Exercise goal - Skip pictures in the listing below; copy exactly the lines from the one with "L’appartement se compose" through the one with "Минитрактор полный привод", inclusive.
■ ■ ■ ■ ■
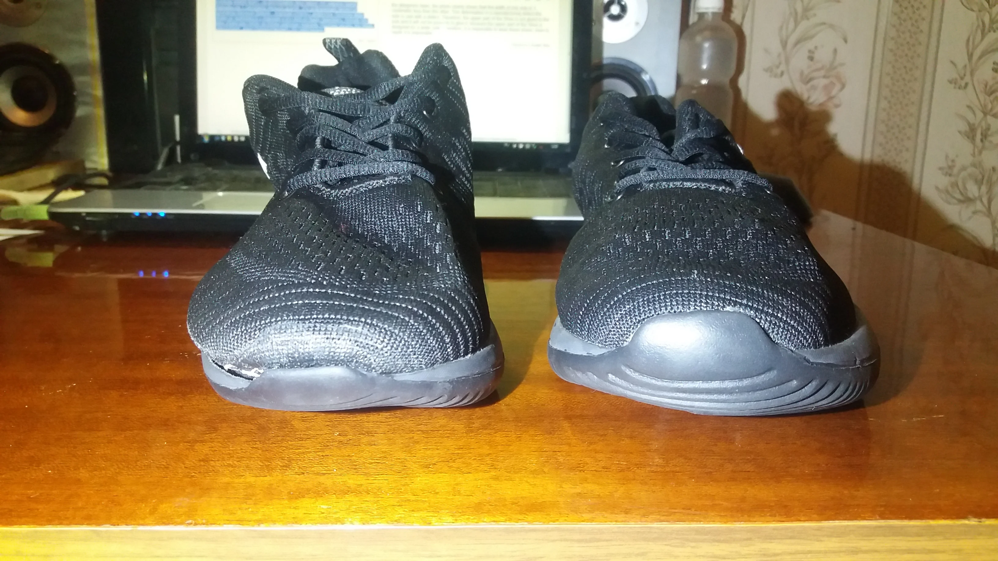 Wow pour vrai, j'étais sceptique à savoir combien elle allait prendre de temps, mais ça à pris un mois moins un jour :) . Je suis très satisfaite de la pesanteur , c'est comme sur l'image. Par contre le dessous de la chaussure ( si ça intéresse quelques-uns), n'est pas en caoutchouc, mais elles sont un peu anti-dérapantes tout de même :)
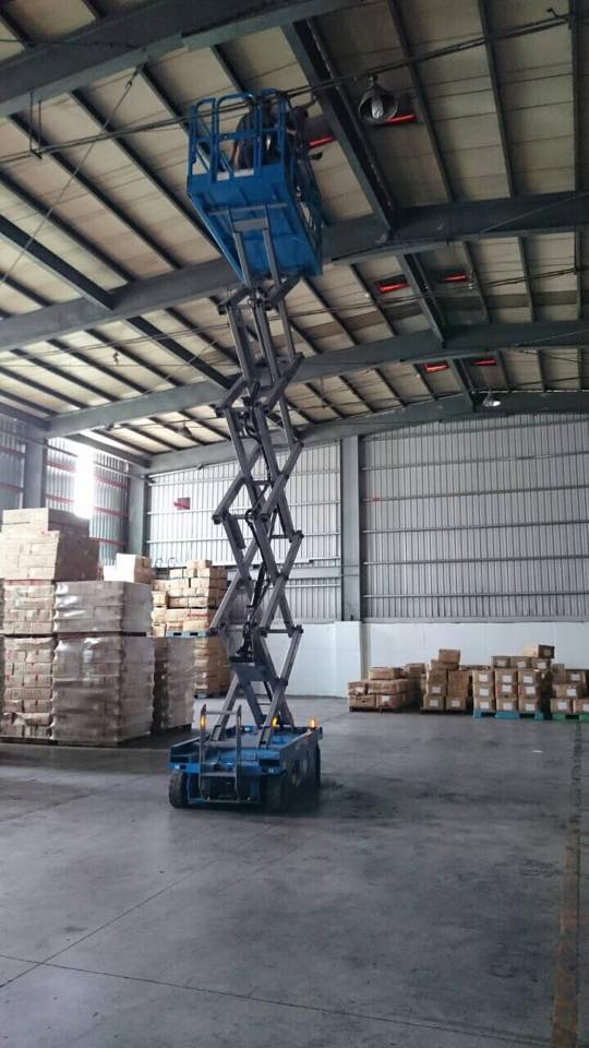 GENIE GS3246 10米剪刀式高空車和AICHI SP210 21米輪胎式高空作業車支援岡山漢翔廠區擴建工程
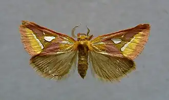 Die Falter erreichen eine Flügelspannweite von 22 bis 28 Millimeter.[1] Die Grundfarbe der Vorderflügel ist leuchtend rosa. In der Submarginalregion befindet sich ein großer, lang gestreckter gelber Fleck, der gegen den Innenrand mit einem silberweißen Streifen begrenzt ist. Vom Wurzelbereich gehen zwei weißliche Linien aus. Sehr auffällig ist ein großer tropfenförmiger silberweißer Fleck im Mittelfeld, der zuweilen wie eine Perle wirkt. Von diesem Merkmal leitet sich auch der wissenschaftliche Name der Art vom lateinischen margarita = „Perle“ ab.[2] Daneben befindet sich ein punktförmiger weiterer gleichfarbiger Fleck. Normalerweise sind diese beiden Flecke nicht miteinander verbunden. Nur gelegentlich verlaufen sie ineinander. Das Saumfeld sowie die Fransen sind hell rosa. Die Hinterflügel sind zeichnungslos graubraun gefärbt.
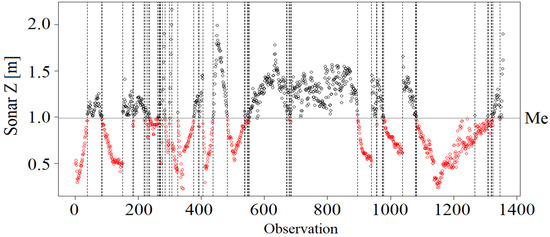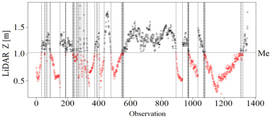 Statistical tests of the two analyzed variables Sonar Z and LiDAR Z sequences confirmed their dependence and stationarity. The runs test showed that for each analyzed variable, the number of observations above and below the median was different (Figure 14), and the p-value was lower than the significance level of α = 0.05 adopted in the study (Table 6). In such a situation, it was concluded that the verified null hypothesis about the independence of the tested random variable should be rejected. It was found that the realizations of both sequences are not random, and their selection for the sample is subject to a tendency or cyclicality, i.e., the tested random variables are dependent.
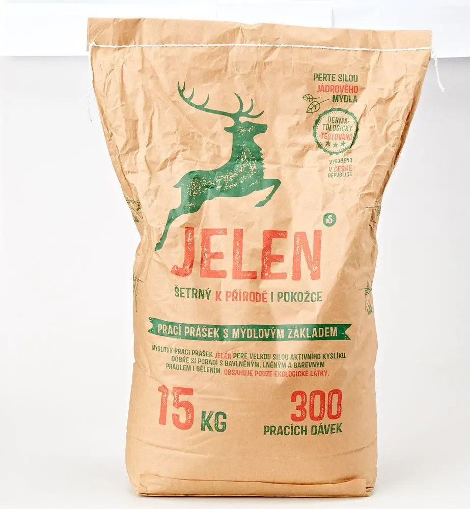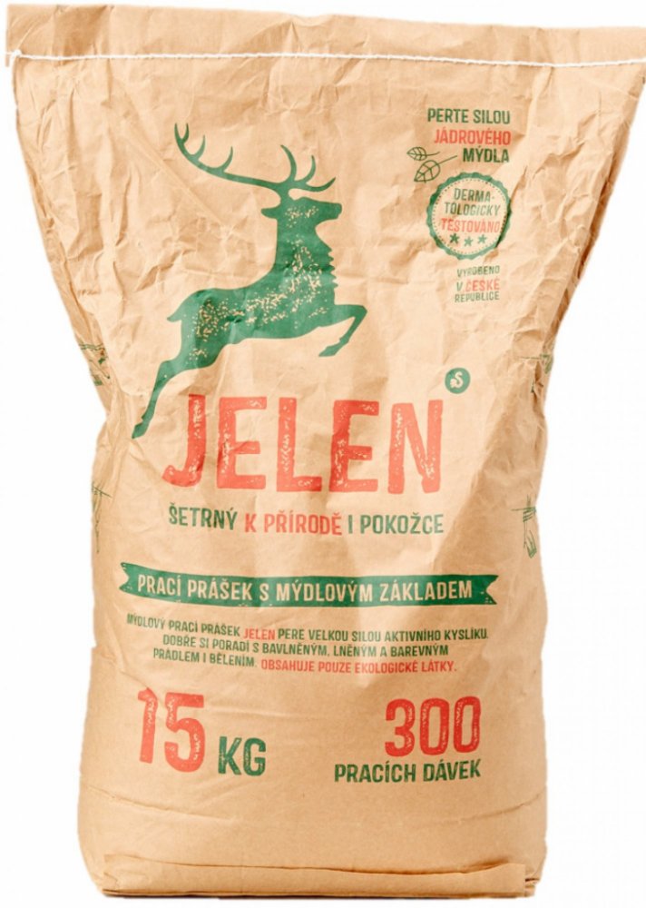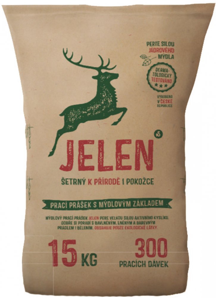 Mýdlový prací prášek Jelen pere i za vysokých teplot. Obsahuje kousky mýdla, což zvyšuje jeho účinnost. K pokožce však zůstává co nejšetrnější, což je doloženo i klinickým testováním SZÚ, dle kterého je prášek nedráždivý k pokožce a tedy vhodný i na praní oblečení osob s citlivou pokožkou a dětí do tří let.
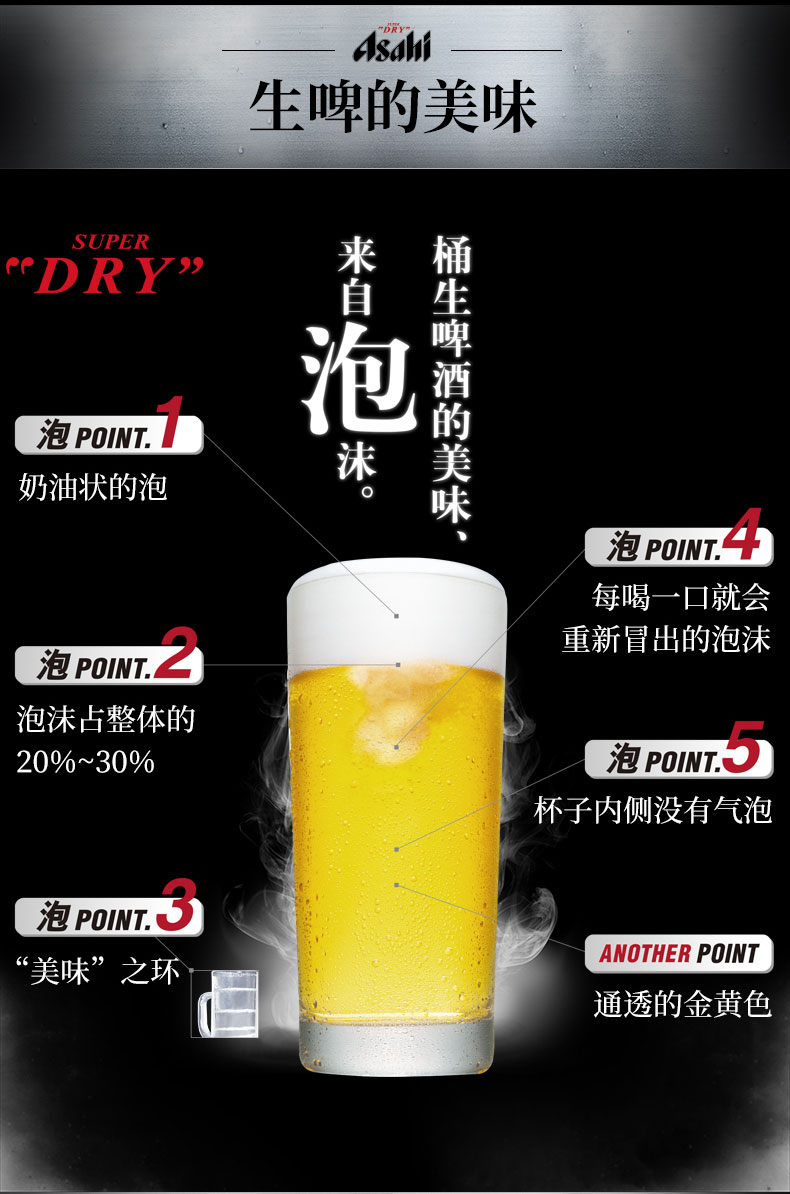 朝日啤酒成立于1889年,在1987年推出的生啤帮助其跃居日本第一、世界第三的啤酒品牌,其中这款生啤的销售量全球第一。
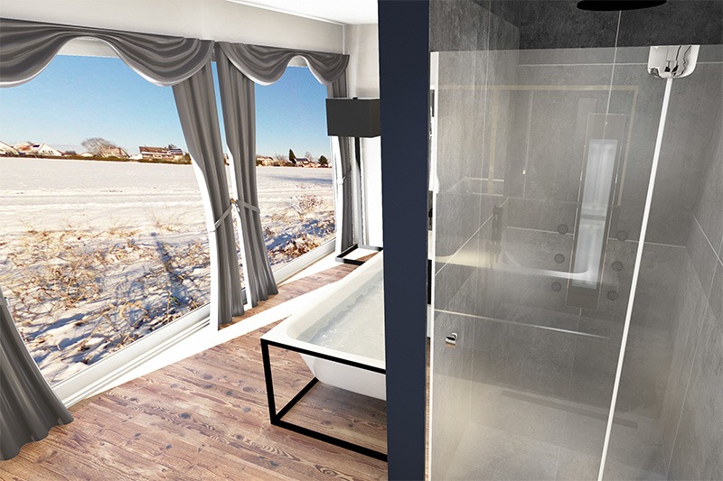 - VIGOUR individual Pendelttür für Nische, ESG klar, PflegePlusXtra, chrom, inkl. Aufmaß und Montage
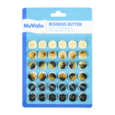 Nuvalu Button Resinous 36 Ct 15Mm Asst Clr
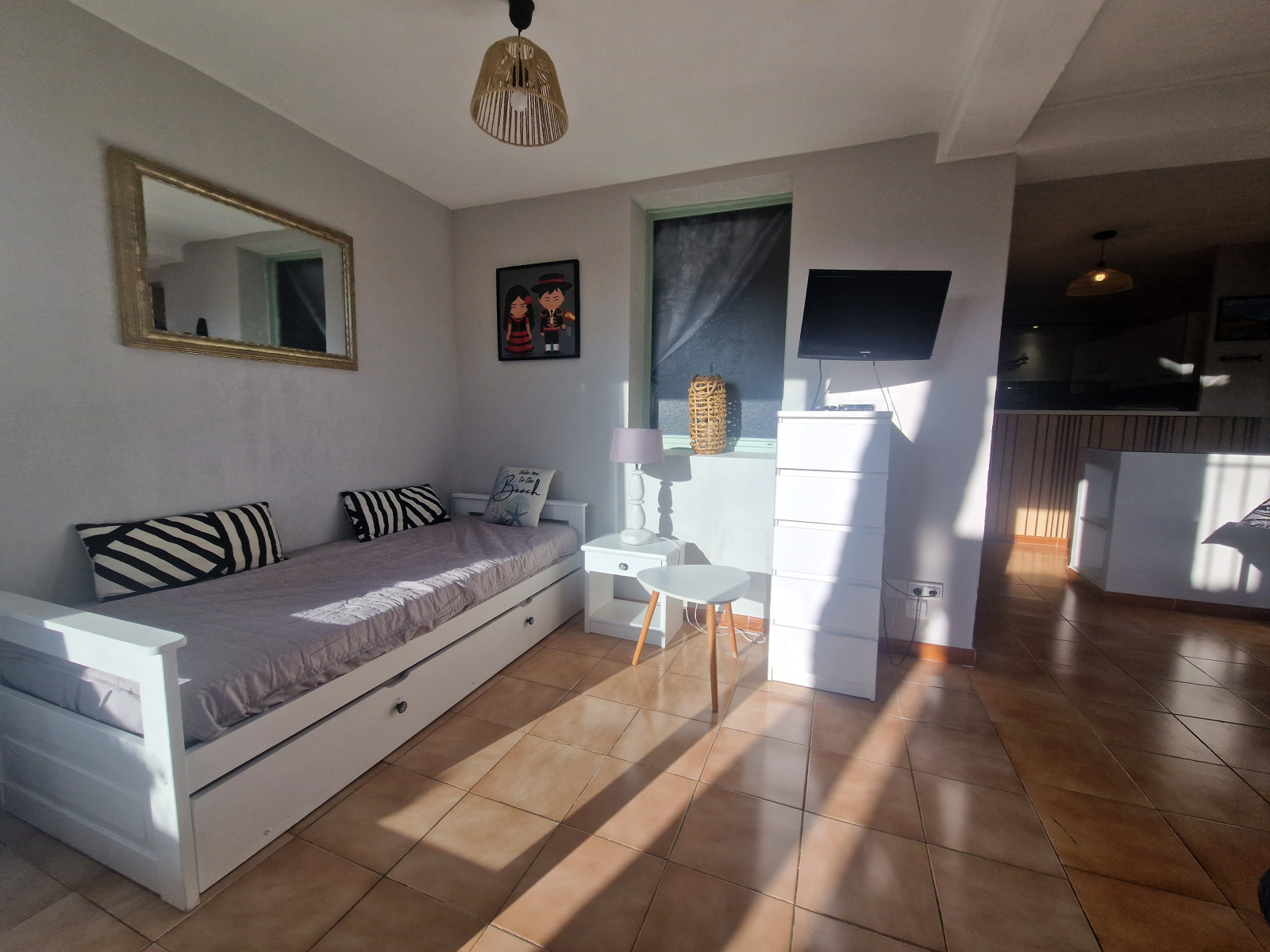 L’appartement se compose d’une chambre avec un lit double (140 x 190), d’un espace nuit avec deux lits simples (90 x 190), d’une cuisine équipée ouverte sur un séjour convivial, ainsi que d’une salle d’eau avec toilettes. Vous disposerez également de la climatisation réversible, du Wi-Fi, d’une télévision et d’un lave-linge pour un séjour en toute tranquillité.
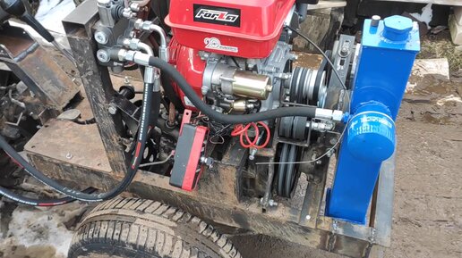 Минитрактор полный привод 4х4. Работа задней навески на гидравлике.
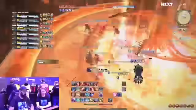 06:25:23Nach einer kurzen Pause geht es weiter mit dem Arcadian Raid, wobei die Teams die Zonen 3 und 4 spielen. Die Teams werden vorgestellt, darunter ein Black Mage, der bereits den ganzen Tag auf der Bühne ist. Die Teamzusammensetzungen werden analysiert, wobei ein White Mage und ein Gelehrter im Einsatz sind. Der Kampf beginnt, und die Kommentatoren loben das Boss-Design und die Musik. Die Teams müssen auf die Zündschnüre achten und vermeiden, in den Bereichen mit kurzen Zündschnüren zu stehen. Ein Viper wird von einer Explosion getroffen, aber das Team erholt sich schnell. Der Boss setzt 'Erosion' ein, und die Teams müssen sich anpassen. Die Kommentatoren loben die Kamerapositionierung und bemerken den Schaden, den der Rotmagier verursacht. Die Teams setzen Auto-Attacken ein, um zusätzlichen Schaden zu verursachen. Insgesamt ist es ein spannender und herausfordernder Raid, bei dem die Teams ihr Können und ihre Strategien unter Beweis stellen müssen.
■ ■ ■ ■ ■
Answer for the task -
 L’appartement se compose d’une chambre avec un lit double (140 x 190), d’un espace nuit avec deux lits simples (90 x 190), d’une cuisine équipée ouverte sur un séjour convivial, ainsi que d’une salle d’eau avec toilettes. Vous disposerez également de la climatisation réversible, du Wi-Fi, d’une télévision et d’un lave-linge pour un séjour en toute tranquillité.
 Минитрактор полный привод 4х4. Работа задней навески на гидравлике.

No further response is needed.